A few years ago, I had written a speech for a particularly high profile press conference when I was suddenly attacked by an out-of-character-for-me case of nerves. The press room was already crammed with cameras when I begged a colleague to look over my speech. I stood by and studied his slash marks as his pen committed suicide on my pages. He ranted things at me like, "what the hell is this?" and "who gives a damn about that?" among other expletives so brutal, they pain the human ear. Halfway through the speech, he shoved the ink-bloodied pages at me and told me to polish up my resume. I thanked him as he blew out of the room. He could be heard down the hall still ranting, calling me a hack, and accusing me of exploiting my job to promote my own political agenda.
Another director, who had overheard the whole thing, asked why I didn't break the guy's jaw for berating me like that. Because, I calmly told him, he gave me exactly what I asked for: his honest opinion. If he had glanced at it and handed it back with a casual, "looks fine to me", I'd have been ticked off. Instead, he told me exactly what was broken, but not how to fix it.
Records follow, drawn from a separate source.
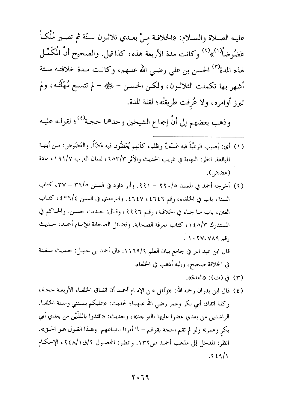 (¬٢) أخرجه أحمد في المسند ٥/ ٢٢٠ - ٢٢١. وأبو داود في السنن ٥/ ٣٦ - ٣٧، كتاب السنة، باب في الخلفاء، رقم ٤٦٤٦، ٤٦٤٧. والترمذي في السنن ٤/ ٤٣٦، كتاب الفتن، باب ما جاء في الخلافة، رقم ٢٢٢٦، وقال: حديث حسن. والحاكم في المستدرك ٣/ ١٤٥، كتاب معرفة الصحابة. وفضائل الصحابة للإمام أحمد، حديث رقم ٧٨٩، ١٠٢٧.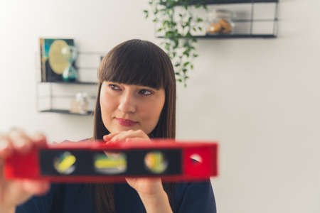 Confident architect caucasian woman with a spirit level in the foreground. High quality photo
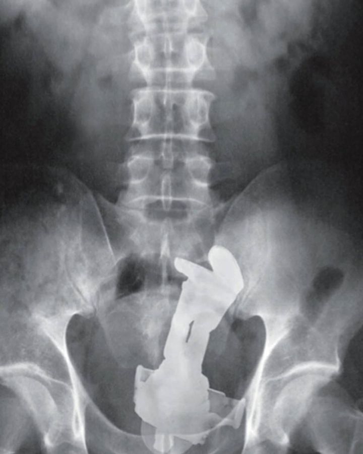 The majority of cases of rectal foreign bodies are the result of insertion during erotic activity. Typically found objects are vibrators, dildos, light bulbs, candles, shot glasses, and bottles. Some rectal foreign bodies may have been initially swallowed but later present with complications in the rectum. Patients may be very embarrassed to disclose the circumstances regarding the foreign body insertion, and there may have been multiple attempts at self-removal. Typical clinical findings of a rectal foreign body are pain with defecation, abdominal pain, rectal bleeding, pruritus, and constipation. Delays in seeking medical attention and multiple attempts at self-removal can lead to mucosal edema and muscular spasms, making removal of the object more difficult.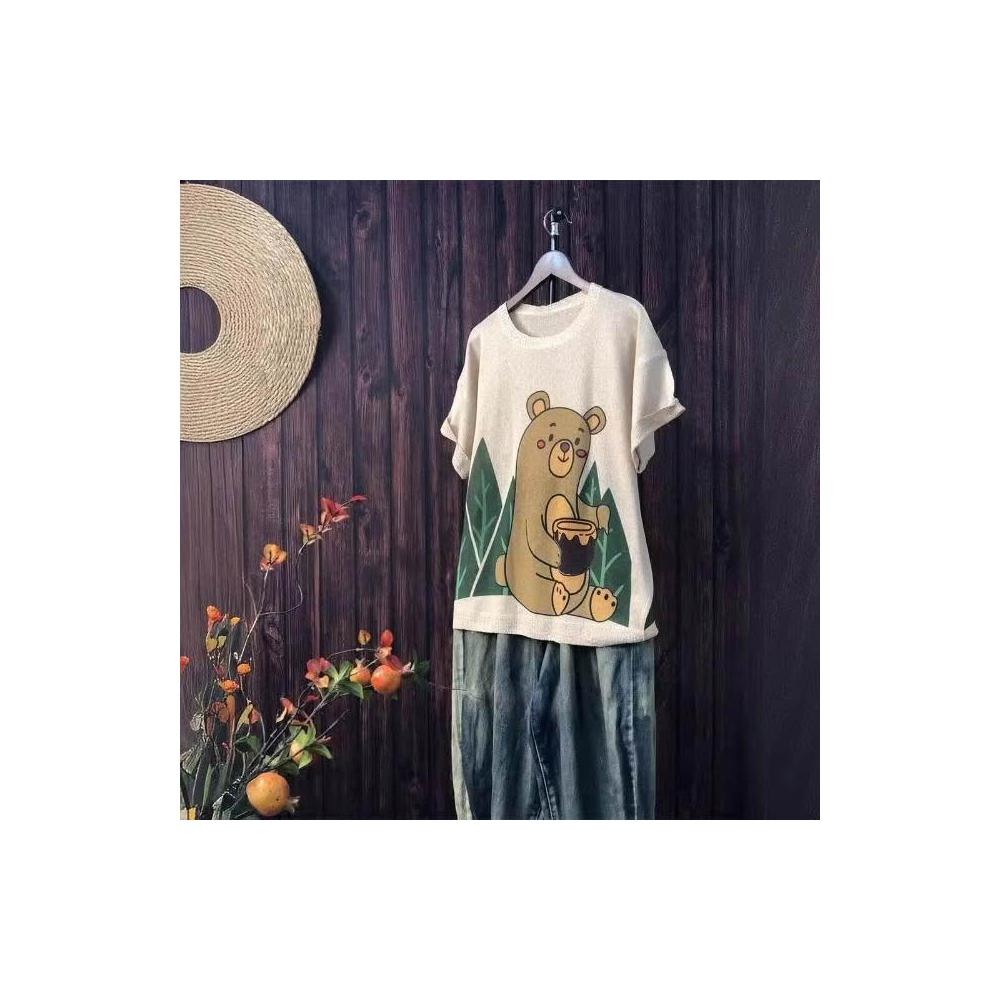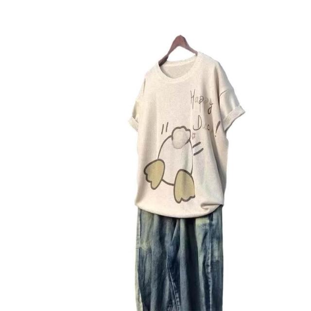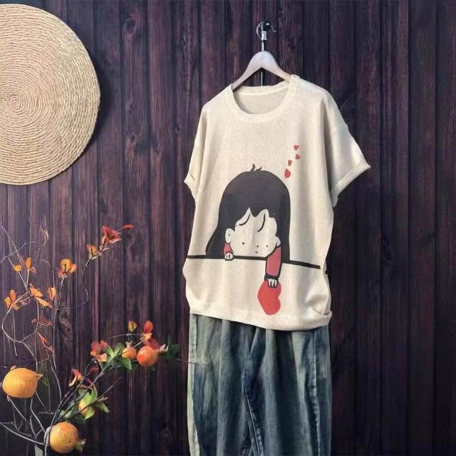 新品 含發票 2024夏季新款原創印花針織衫休閑大碼寬松初夏麻曲薄款女短袖甜美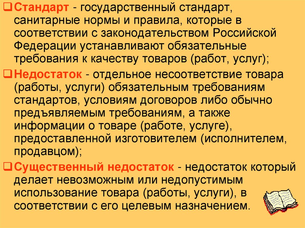 Стандарт - государственный стандарт,санитарные нормы и правила, которые в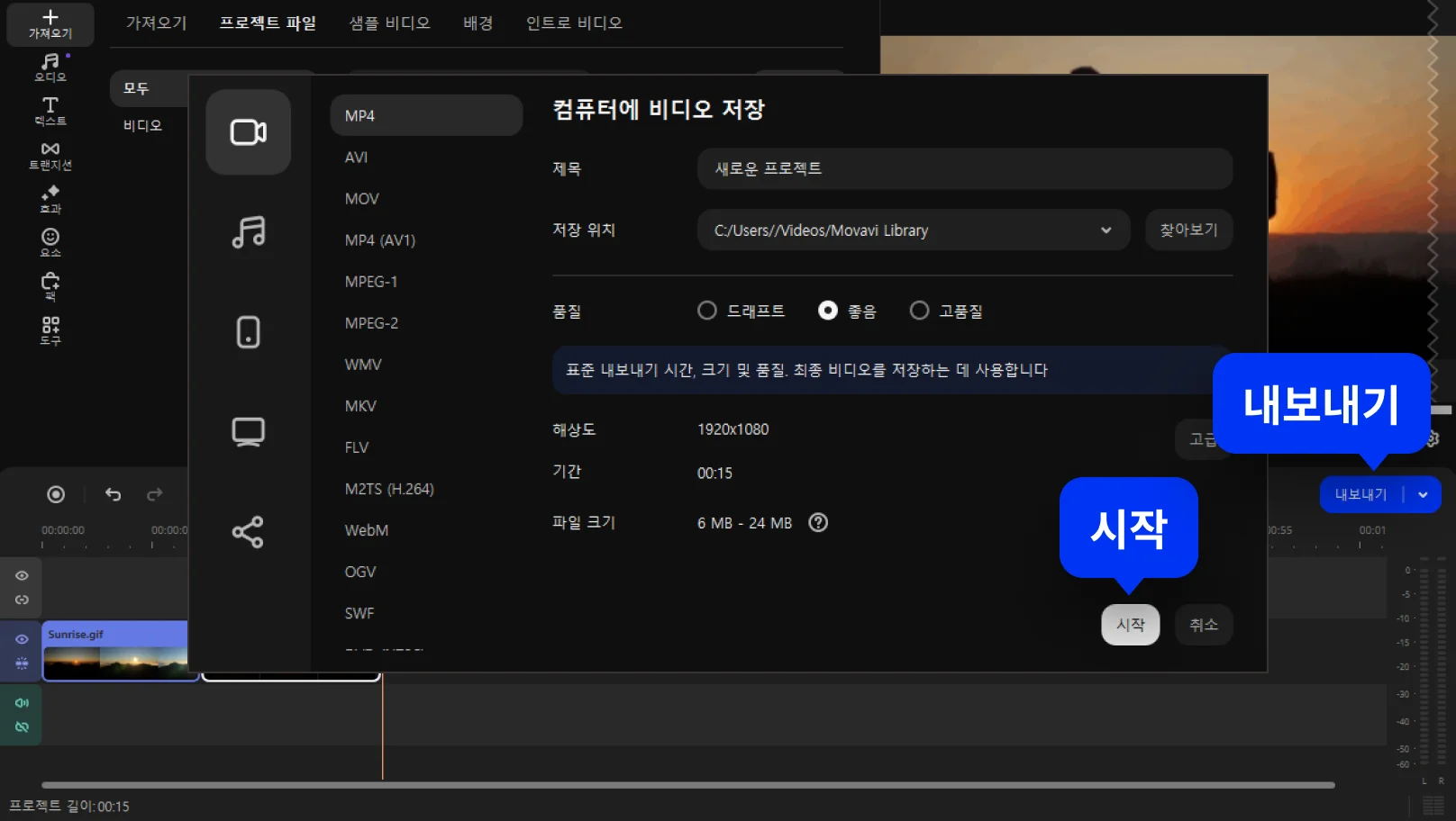 *무료 버전의 Movavi Video Editor는 빌드에 따라 다음과 같은 제한 사항이 있을 수 있습니다. 내보낸 클립에 표시되는 워터마크, 60초 비디오 또는 1/2 오디오 길이 제한 및/또는 비디오를 내보낼 때 일부 고급 기능 사용 불가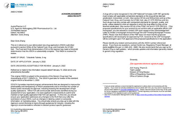 3月16日,珍寶島藥業(yè)發(fā)布公告,公司化藥仿制藥枸櫞酸托法替布片(規(guī)格:5mg)獲得美國食品藥物管理局(以下簡稱“FDA”)下發(fā)的《受理通知書》,待取得FDA注冊批件或上市許可批件后可進行銷售。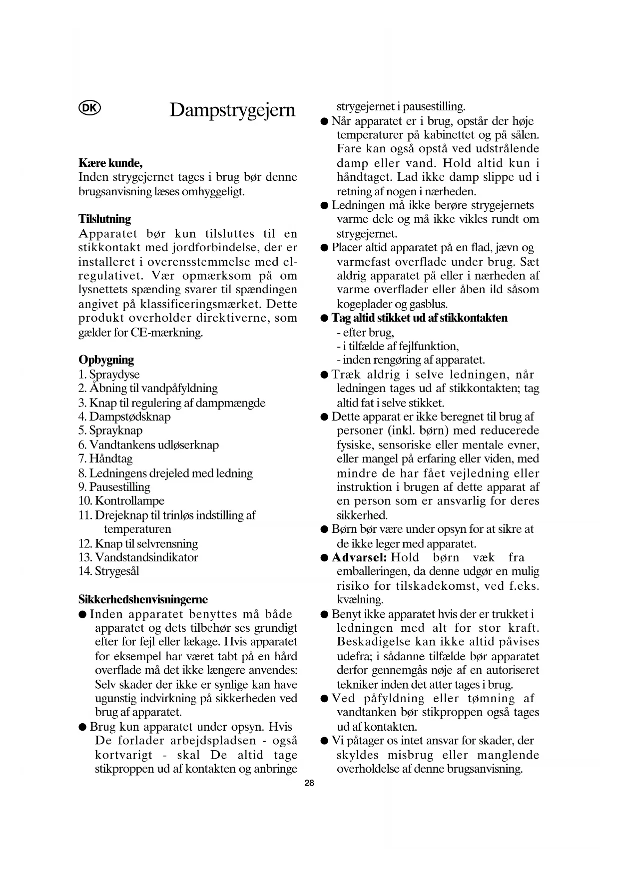 brugsanvisning læses omhyggeligt.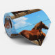Une jument et les chevaux de colt ont tiré dans un pâturage qui est lumineux et coloré avec une barrière, un ciel, et un nuage blanc qui est lumineux et coloré. C'est sur une CRAVATE.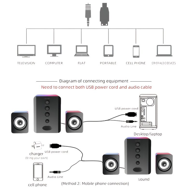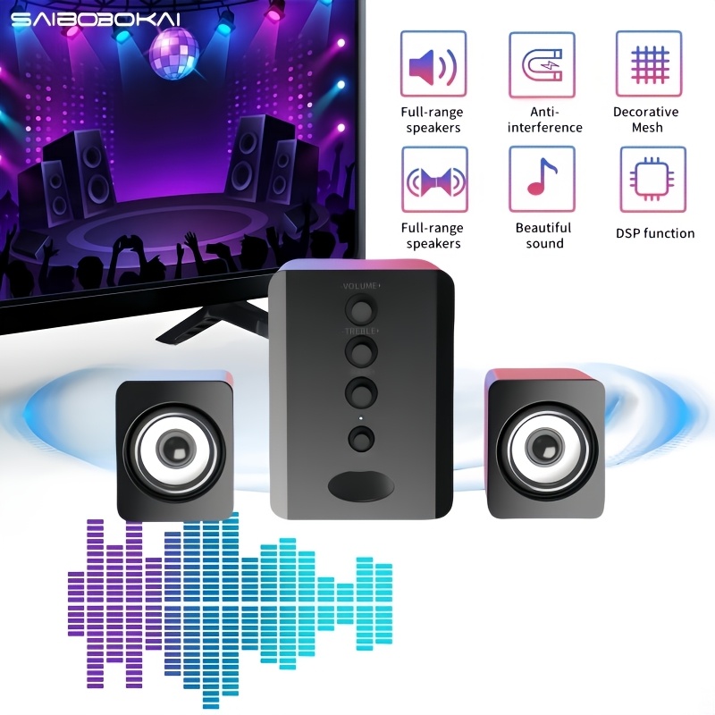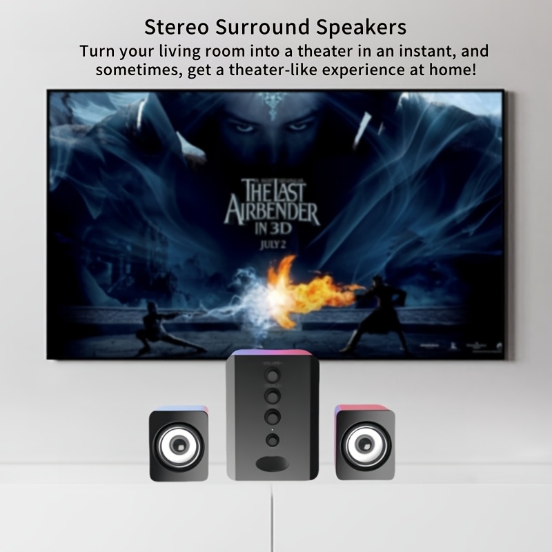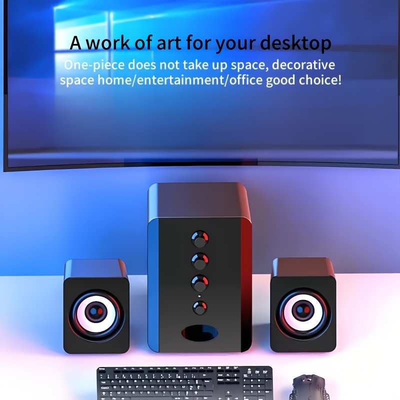 2.1 Channel Combo Speaker System with Subwoofer - USB Powered, Stereo Sound for PC, Laptop, Game Console, TV, and More - Ideal for Home Entertainment, Gaming, and Outdoor Activities, Entertainment System|Modern Speaker Design|Durable Build Quality, 2.1 Channel Sound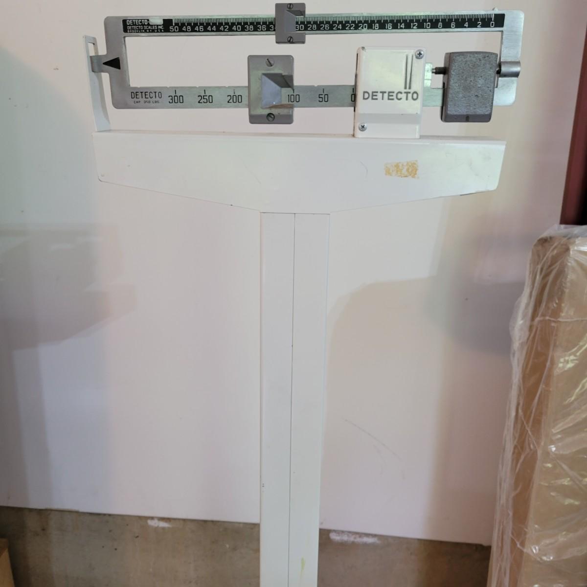 A Detecto balance scale that appears to be working accurately. It measures approximately 17" x 20" x 58.5"H. Local pickup only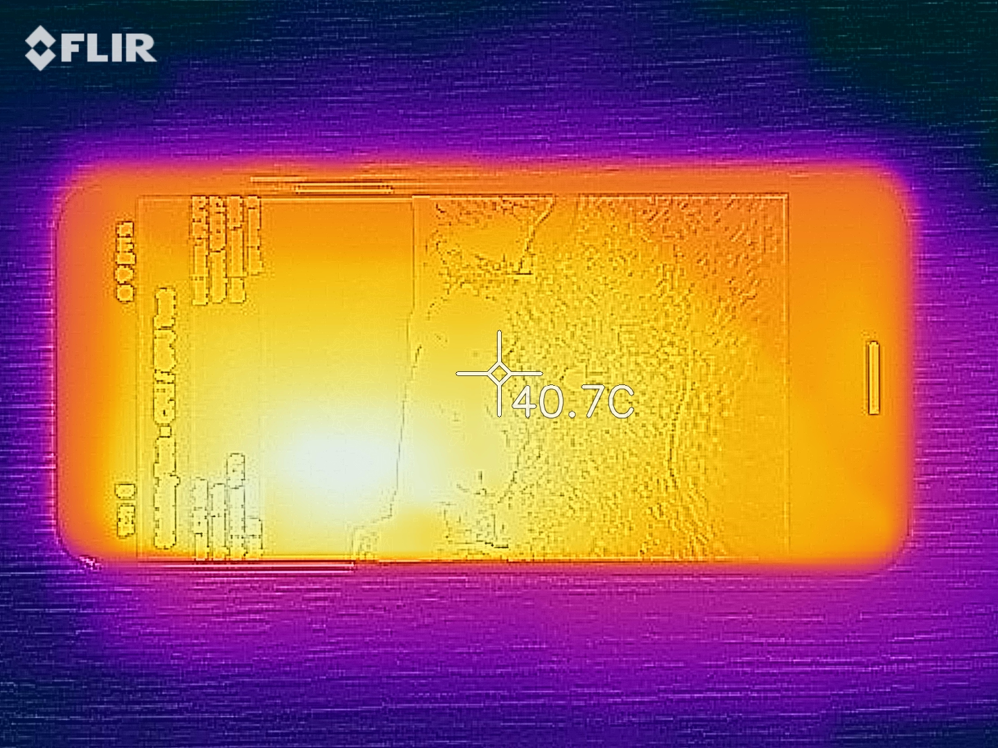 (+) La temperatura máxima en la parte superior es de 35.5 °C / 96 F, frente a la media de 35.2 °C / 95 F, que oscila entre 21.9 y 247 °C para la clase Smartphone.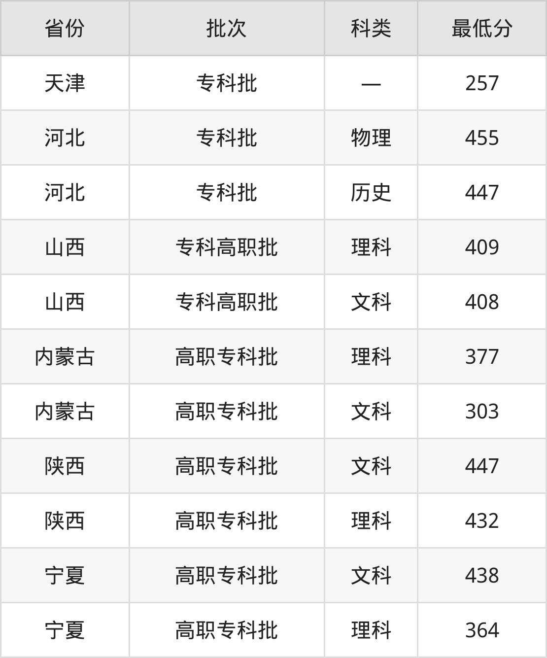 张家口学院临床医学专业录取分数线从257分到455分不等,最低分数线如下: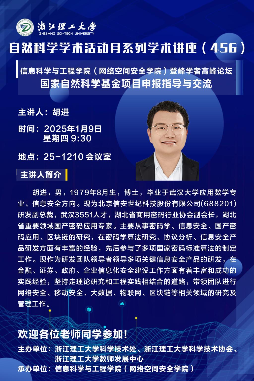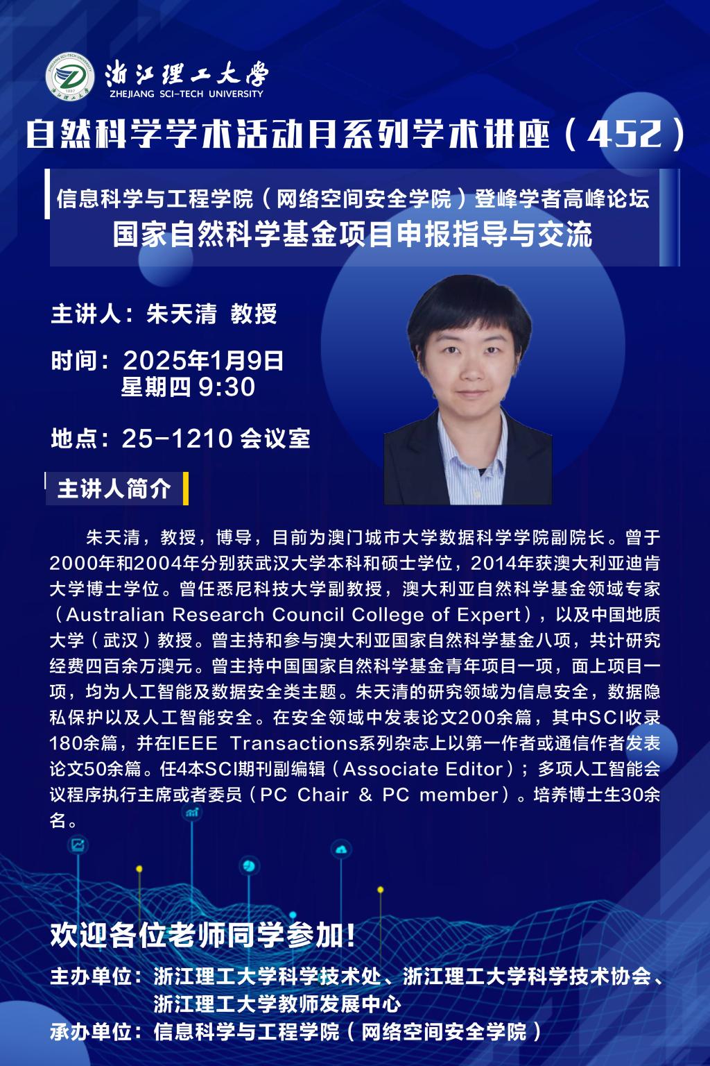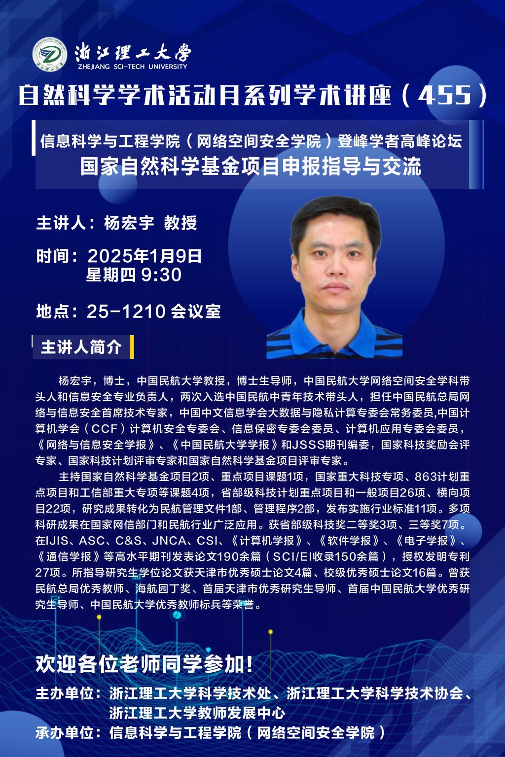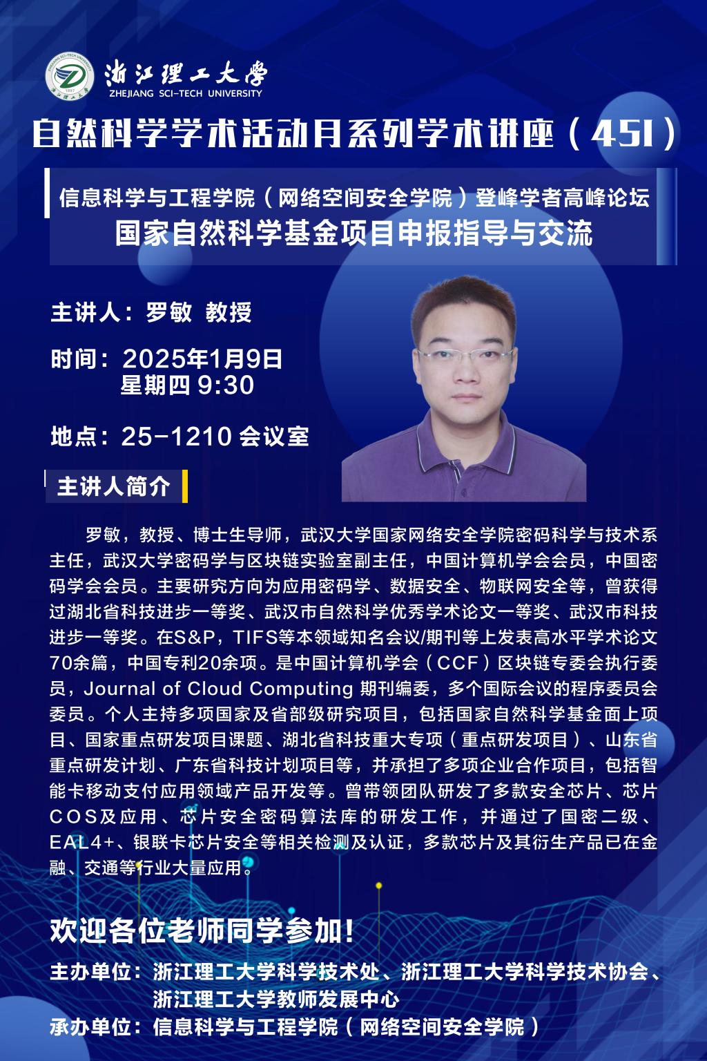 2025年1月9日上午,色色啦 (网络空间安全学院)登峰学者高峰论坛(第三期)在25号楼1210会议室举行。本次学术交流活动主要围绕“国家自然科学基金项目申报指导与交流”展开。学院邀请武汉大学国家网络安全学院何德彪教授、中国民航大学杨宏宇教授、暨南大学网络空间安全学院黄欣沂教授、武汉大学国家网络安全学院罗敏教授、澳门城市大学数据科学学院朱天清教授、北京信安世纪科技股份有限公司研发副总裁胡进博士为学院2025年申报国家自科科学基金项目的老师进行现场指导。

I rushed to my office, made extensive rewrites and called (note to reader: insert name of any important person here cuz I'm not telling) to report that I had some edits in his speech. We went over the revisions and he concluded the briefing by telling me it was the best thing I'd ever written for him.
That colleague did me an enormous favor. I respect him for having the intestinal fortitude to tell me it wasn't good enough and for getting angry. He knew what I was capable of. That speech wasn't it! If I were honest with myself, I would probably admit that my nerves that day were nothing more than a manifestation of my own knowledge that I'd done a sorry job.